Человек совсем нагой — фрагмент

Глава первая

И в самом деле, это кое-что значило. Сир де Пьерфё был тронут состраданием доброго медведя сильнее, чем можно выразить словами. Ужас одиночества он всё-таки не изведает до конца; у него остаётся друг; и, наклонившись, он прижал к груди голову Франколена. Ещё немного — и он поцеловал бы этого медведя, более человечного, чем люди.

Ему очень хотелось сказать ему что-нибудь ласковое, вроде: «Ах, какой милый душка! Как он кроток! Как приятно на него смотреть!» Но, взглянув на него вблизи, он, понуждаемый своей клятвой, воскликнул:

— Ах, какой гадкий зверь!

А это, как мы помним, было оскорбление, которого почтенный зверь никогда не сносил. Яростно рыча, он поднялся на задние лапы и двинулся вперёд, страшный, с разинутой пастью. Сир де Пьерфё понял, какая грозит ему беда: ещё миг — и огромный разгневанный зверь задушит его, растерзает, сожрёт; он едва успел отскочить назад и пустился бежать через заросли и поляны, перескакивая через каменные глыбы, перепрыгивая через рвы, а вслед за ним гнался медведь, которому он сказал правду!

КОНЕЦ КНИГИ ВТОРОЙ

ЭПИЛОГ

I

В ту пору — было это, по свидетельству истории, месяца два или три спустя после того утра, когда Пьер Правдивый один помчался через леса и поля, а за ним гнался Франколен, добрый медведь, — во владении Романена и во всей окрестной земле, говорю я, только и толковали что об одном весьма набожном отшельнике, поселившемся в расселине Альпин; его хижина пряталась за ниспадавшей завесой глициний и плюща. И хоть был он ещё в юных летах — вы приняли бы его за ребёнка, который, забавы ради, надел монашескую рясу, — это нимало не мешало ему внушать почтение суровым воздержанием и благочестивыми речами; мало того, как рассказывали, он творил чудеса — маленькие, совсем не страшные, прелестные чудеса: заставлял цветы распускаться на засохших ветвях или соловья петь прежде весны, — ничуть не хуже, чем если бы у него была большая седая борода, спускавшаяся от подбородка до самого живота. Имени его большинство людей не знало; зато всем было известно, что он ходил в крестовый поход и привёз оттуда драгоценнейшие реликвии, которые раздавал своим кающимся грешницам, когда те оказывались достойны такой милости. Ибо исповедовал он охотно. И поверьте, надежда унести за горжеткой или в кармашке своей котты зуб святой Северинии, волос Иннокентия или пуховку для румян, которою пользовалась Мария Магдалина до своего обращения, могла только удвоить благочестивое рвение девушек той стороны. Не было городской девицы, которая не мечтала бы тайком выскользнуть из дому и пойти поведать свои грехи маленькому отшельнику Альпин; пастушки, пасшие овечьи стада, гусятницы, гнавшие своих птиц хворостиной по узким улочкам, служанки, оттиравшие медную утварь, в которой варят мясо, ни о чём ином и не думали; даже знатные девицы из всех соседних замковых владений, уже слушавшие тенсоны трубадуров только вполуха, чувствовали в себе набожность, до той поры им неведомую. На дороге, что вела к хижине юного святого, всегда теснилась толпа — прелестная толпа миловидных грешниц, то в расшитых жемчугом башмачках из самита, то с розовыми босыми ножками; а те, кому выпадало счастье быть к нему допущенными, не уставали его хвалить. Как мил он был, когда говорил одно, как изящен, когда делал другое!
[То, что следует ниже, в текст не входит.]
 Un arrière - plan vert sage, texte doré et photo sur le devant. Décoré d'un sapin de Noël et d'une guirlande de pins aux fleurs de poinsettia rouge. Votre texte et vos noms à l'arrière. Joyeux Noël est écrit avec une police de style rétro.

Он не был угрюм и неприступен, как прочие клирики, а весь словно напитан кротостью; он не грозил адом, но говорил о рае — такими сладостными словами и с такими нежными взглядами, что поневоле приходилось в него уверовать. К тому же он был хорош собою, свеж лицом, с цветущими устами; стоило лишь увидеть его — и тотчас чувствуешь себя исполненной божественной благодати. Что же до епитимий, какие он налагал, то даже самые болтливые из женщин не изъяснялись на сей счёт с желанной ясностью; сходились они лишь в одном: у него и в суровости находилась своя сладость, и лучше быть им осуждённой, нежели кем бы то ни было отпущенной.

Слава любезного отшельника была такова, что наконец дошла и до графства Золотых Островов, до дворца, где пребывала дама Клермонда; и эта строгонравная дама решила без промедления отправиться к тому, о ком рассказывали столько благочестивых чудес.
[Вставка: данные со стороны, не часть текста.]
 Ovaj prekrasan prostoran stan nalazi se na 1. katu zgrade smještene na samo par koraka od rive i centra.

Как! Неужто Клермонда с Золотых Островов совершила какой-нибудь проступок, за который хотела испросить прощения? Те, кто знал её, не могли бы поверить такому. Она оставалась всё той же: не выказывала ни малейшего любопытства ни к турнирам, какие устраивают в городах, ни к охотам, какие ведут в лесах; благочестива она была до того, что ещё немного — и ушла бы в монахини, в обитель бенедиктинок. О замужестве она и слышать не хотела; она отвращалась от него так, как, говорят, горностай страшится запятнать свои маленькие белые лапки. Верная себе во всём, она не допускала в свои покои слуг-мужчин: там видели только служанок, которые, расчёсывая ей волосы, рассказывали лишь о дивных приключениях — не святых мужей, а святых жён; для верховой езды у неё была трёхлетняя кобылица, и сесть на коня она не согласилась бы никогда. При таком нраве какая нужда была ей молить о Божием милосердии? Неужели её томило раскаяние в том, что по её настоянию Нагого Человека за украденный поцелуй приговорили к тяжкой каре — никогда не лгать? Ничуть; она полагала, что справедливее приговора и быть не могло и что, требуя строгого правосудия, поступила как должно. Однако чем больше добродетели, тем глубже смирение. Как раз тот, кто грешит совсем мало, и думает, будто совершает множество грехов. Клермонда с Золотых Островов, при всей своей безупречности, никогда не казалась себе достаточно безупречной; и, конечно, ради спасения её души ей необходимо было побеседовать — может быть, и не один раз — с юным святым, вернувшимся из крестового похода.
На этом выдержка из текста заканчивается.